## BRIEF
Word for word, restate the lines of the data below between those holding "Pour information, une" and "The sentiment is", inclusive; pictures do not belong in the copy.

## DATA SHOWN

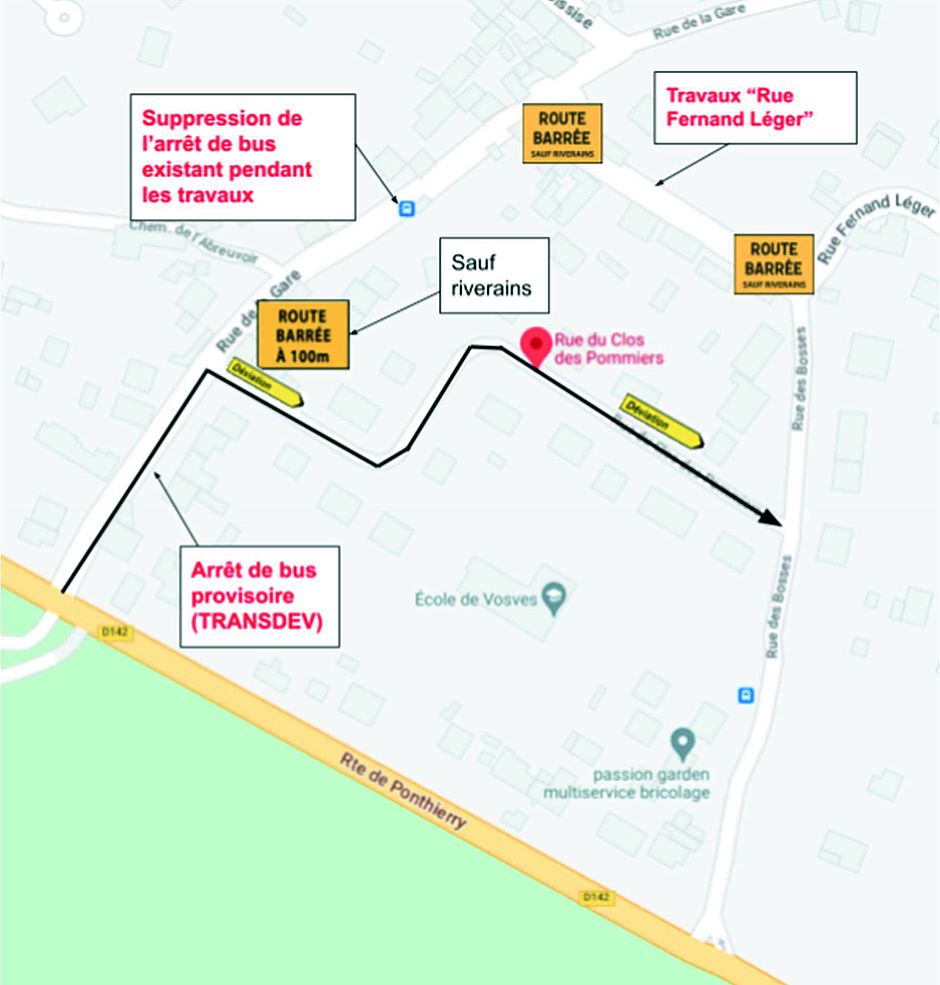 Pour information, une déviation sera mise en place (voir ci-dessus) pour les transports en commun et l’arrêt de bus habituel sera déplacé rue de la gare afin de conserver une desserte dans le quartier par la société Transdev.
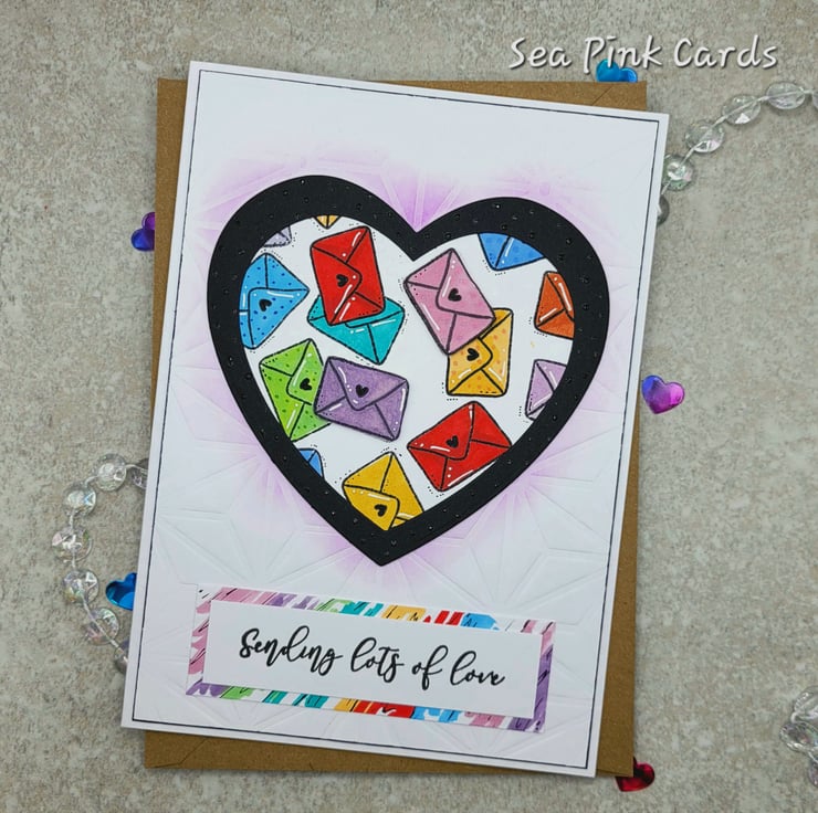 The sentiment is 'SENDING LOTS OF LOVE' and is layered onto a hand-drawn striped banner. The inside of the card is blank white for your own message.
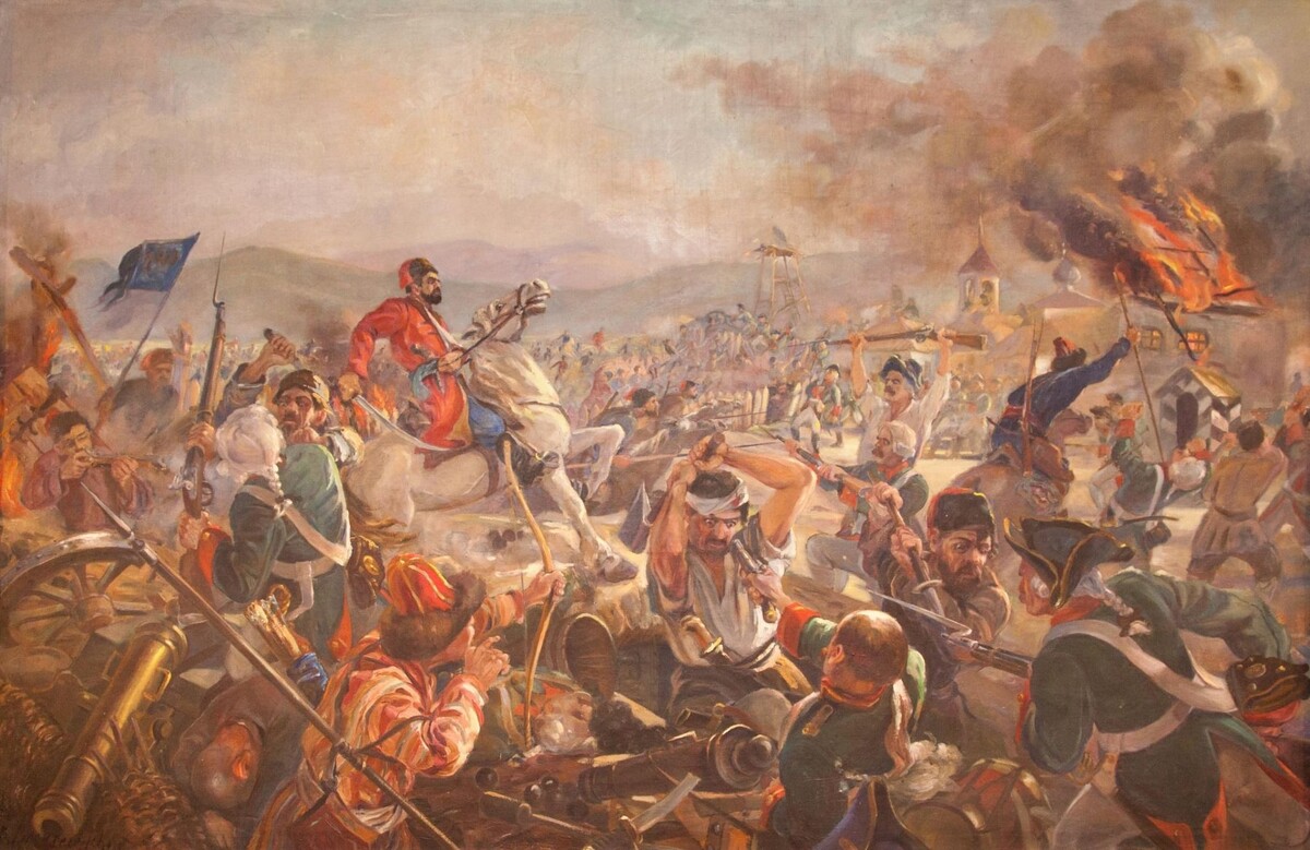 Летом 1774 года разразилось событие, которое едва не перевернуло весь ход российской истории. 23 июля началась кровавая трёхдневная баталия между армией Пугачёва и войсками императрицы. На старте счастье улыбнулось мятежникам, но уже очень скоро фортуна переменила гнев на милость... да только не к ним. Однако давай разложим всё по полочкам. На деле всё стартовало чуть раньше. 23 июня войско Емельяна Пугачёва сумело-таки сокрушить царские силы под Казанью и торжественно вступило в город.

...

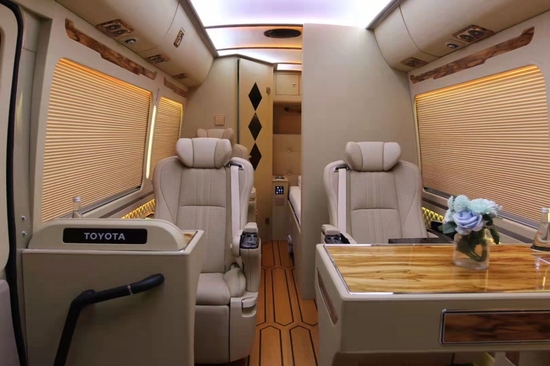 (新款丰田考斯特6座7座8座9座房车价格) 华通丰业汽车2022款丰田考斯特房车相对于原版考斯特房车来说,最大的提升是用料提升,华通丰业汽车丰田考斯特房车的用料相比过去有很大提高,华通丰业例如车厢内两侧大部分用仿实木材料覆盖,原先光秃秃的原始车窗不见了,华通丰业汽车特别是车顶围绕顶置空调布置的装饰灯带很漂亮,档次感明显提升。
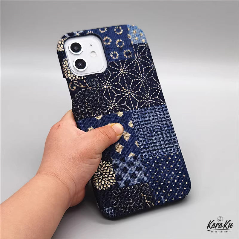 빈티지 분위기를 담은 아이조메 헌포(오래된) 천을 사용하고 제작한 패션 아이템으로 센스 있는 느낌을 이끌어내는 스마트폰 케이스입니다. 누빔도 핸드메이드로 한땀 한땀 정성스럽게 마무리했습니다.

## SOLUTION
 Pour information, une déviation sera mise en place (voir ci-dessus) pour les transports en commun et l’arrêt de bus habituel sera déplacé rue de la gare afin de conserver une desserte dans le quartier par la société Transdev.
 The sentiment is 'SENDING LOTS OF LOVE' and is layered onto a hand-drawn striped banner. The inside of the card is blank white for your own message.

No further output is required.